- Task objective: Beginning with the line that includes "海螺建安依托承建的白瑪鎮(z", return every remaining line of the material exactly as it reads, but not the pictures.

- Data:
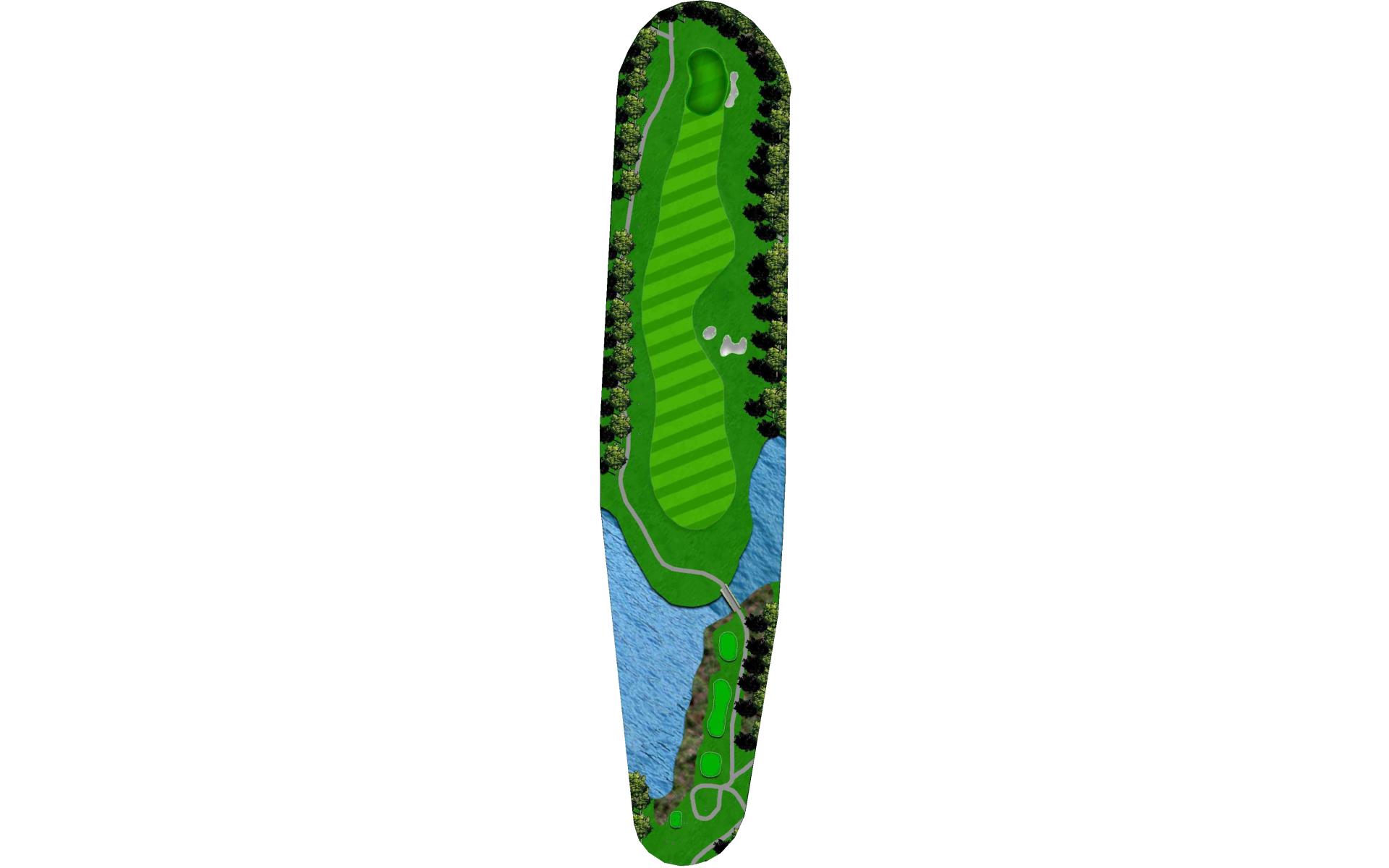 Tight Par 4 with creek along the right side of hole. Large green with middle slope.
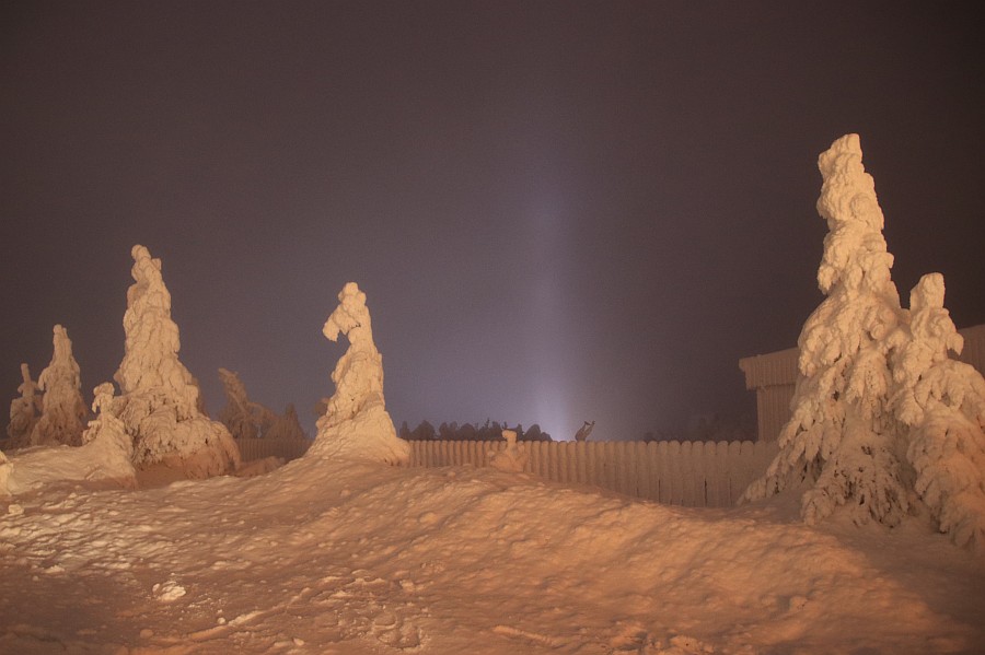 Lichtsäule und OBB bei der Sachsenbaude am Fichtelberg, 19:52 MEZ, f = 18 mm (leider einfarbig):
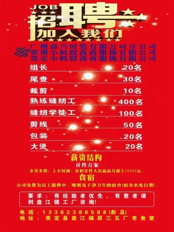 【就业招聘】贵定小蚂蚁茜茜服饰有限公司
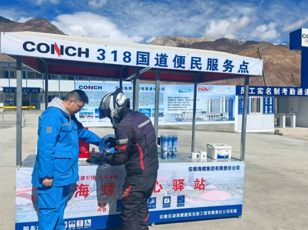 海螺建安依托承建的白瑪鎮(zhèn)珠巴村鄉(xiāng)村振興物資中轉(zhuǎn)站項目部,在318國道西藏八宿段建設(shè)了海螺愛心驛站,免費向游客提供休憩、飲用水、吸氧、醫(yī)療急救用品、手機充電、如廁等暖心服務(wù)。
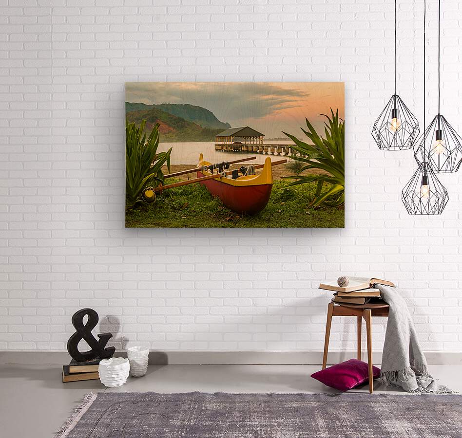 Get this artwork "Hawaiian canoe by Hanalei Pier" in a framed print.

- Written response:
 海螺建安依托承建的白瑪鎮(zhèn)珠巴村鄉(xiāng)村振興物資中轉(zhuǎn)站項目部,在318國道西藏八宿段建設(shè)了海螺愛心驛站,免費向游客提供休憩、飲用水、吸氧、醫(yī)療急救用品、手機充電、如廁等暖心服務(wù)。
 Get this artwork "Hawaiian canoe by Hanalei Pier" in a framed print.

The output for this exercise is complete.